OBJECTIVES: Intravenous delivery of mesenchymal stem cell (MSC) is a noninvasive approach for myocardial tissue repair. We aimed to test this strategy in a pig model of myocardial infarction and to examine the usefulness of new echocardiographic applications to monitor cardioprotective effects of stem cell therapy. METHODS: Pigs (n = 8) received autologous or allogeneic MSCs (1 x 10(6)/kg body weight) labeled with fluorescent dye 48 hours after proximal left anterior descending coronary artery occlusion. Infarct size, myocardial function, and perfusion (A x beta) were assessed by myocardial contrast echocardiography and standard histologic methods after 1 month. RESULTS: Morphologic analysis revealed that labeled MSCs migrated in the peri-infarct region resulting in smaller infarct size by myocardial contrast echocardiography (control vs autologous and allogeneic MSC: 38 +/- 10% vs 25 +/- 5% and 28 +/- 6%, P < .01), higher fractional area shortening (23 +/- 3% vs 34.0 +/- 7% and 28 +/- 2%, P < .01), higher cardiac synchrony (167 +/- 36 vs 68 +/- 17 and 85 +/- 26 milliseconds, P < .003), and improved microvascular flow A x beta in the ischemic border zone (0.18 +/- 0.2 vs 0.56 +/- 0.3 and 0.49 +/- 0.2, P < .03). CONCLUSIONS: Systemic delivery of autologous and allogeneic MSCs preserves myocardial viability even in large animals and is, therefore, an attractive approach for tissue repair. Myocardial contrast echocardiography is useful to evaluate microvascular perfusion, which was enhanced by MSCs.

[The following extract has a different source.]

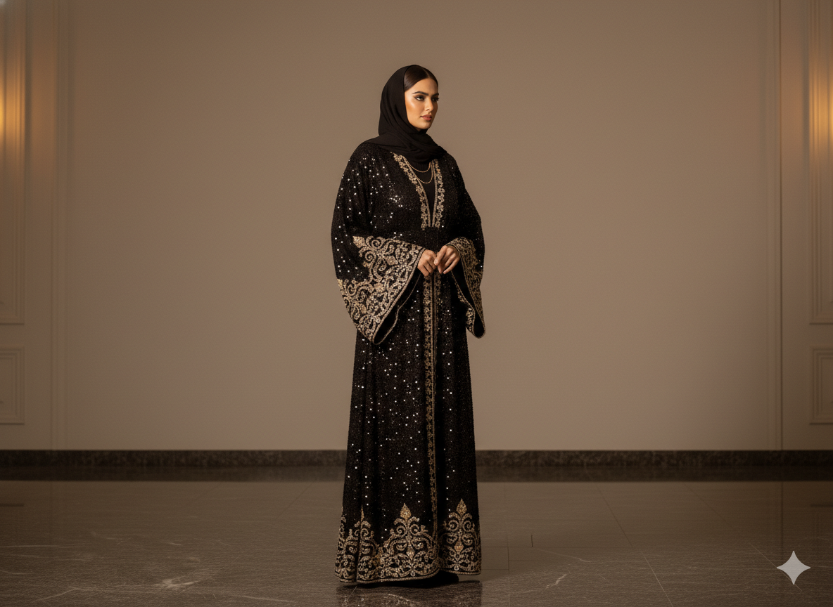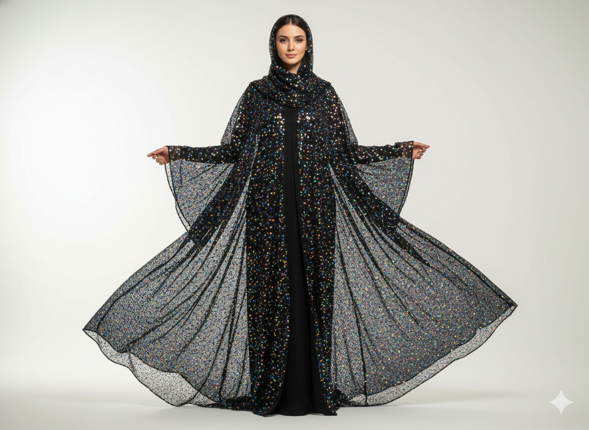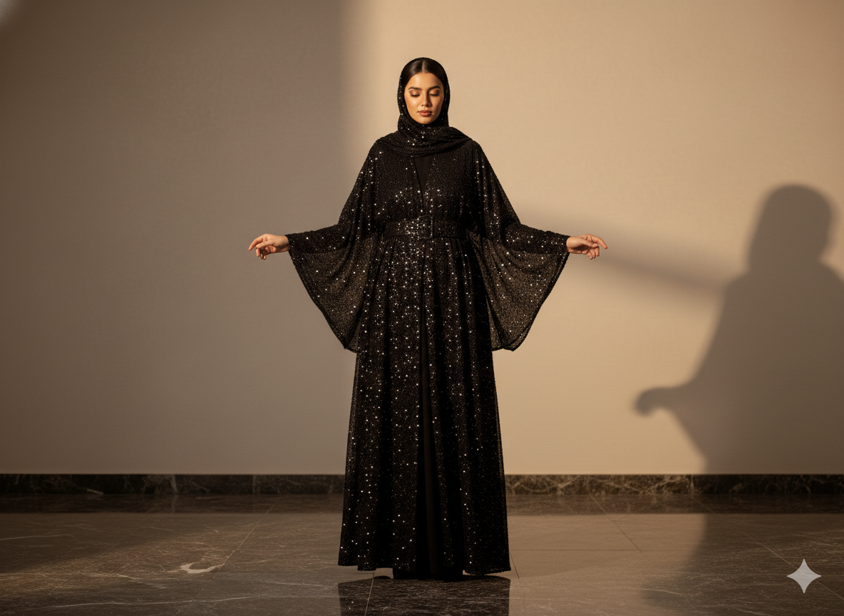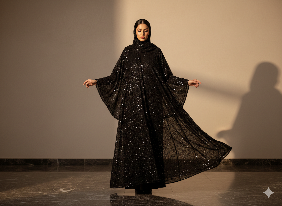 Layering adds dimension to evening wear. A layered black sequin abaya might feature multiple tiers or panels, giving a flowing, dramatic effect. Sequins on each layer catch light differently, creating a dazzling effect for parties.

Intravenous delivery of autologous mesenchymal stem cells limits infarct size and improves left ventricular function in the infarcted porcine heart.

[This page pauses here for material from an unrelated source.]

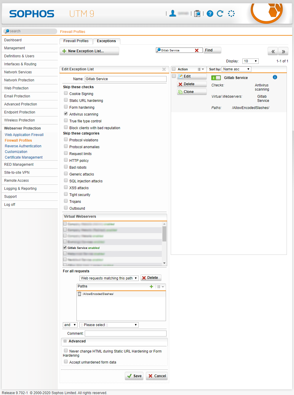 This way, the only thing my customer has to do when I wants 'AllowEncodedSlashes On' enabled for a virtual server, is create an exception under "Webserver Protection" > Firewall Policies > [Exceptions]. The param of the exception needs to be excluding anti-virus for the path /AllowEncodedSlashes/

Systemic delivery of bone marrow-derived mesenchymal stem cells (MSCs) is a noninvasive approach for myocardial repair. We aimed to test this strategy in a pig model of myocardial infarction. Pigs (n = 8) received autologous MSCs (1 x 10(6)/kg body weight) labeled with fluorescent dye 48 h post proximal left anterior descending artery (LAD) occlusion. Hemodyamics, infarct size, and myocardial function were assessed at baseline and after 1 month. Morphologic analysis revealed that labeled MSCs migrated in the peri-infarct region, resulting in smaller infarct size (32 +/- 7 vs. 19 +/- 7%, p = 0.01), higher fractional area shortening (23 +/- 3 vs. 34.0 +/- 7%, p = 0.001), lower left ventricular end diastolic pressure (18.7 +/- 5 vs. 10.2 +/- 4 mmHg, p = 0.02) and higher +dp/dt (4,570 +/- 540 vs. 6,742 +/- 700 mmHg/s, p = 0.03) during inotropic stimulation. Systemic intravenous delivery of MSCs to pigs limits myocardial infarct size and is an attractive approach for tissue repair.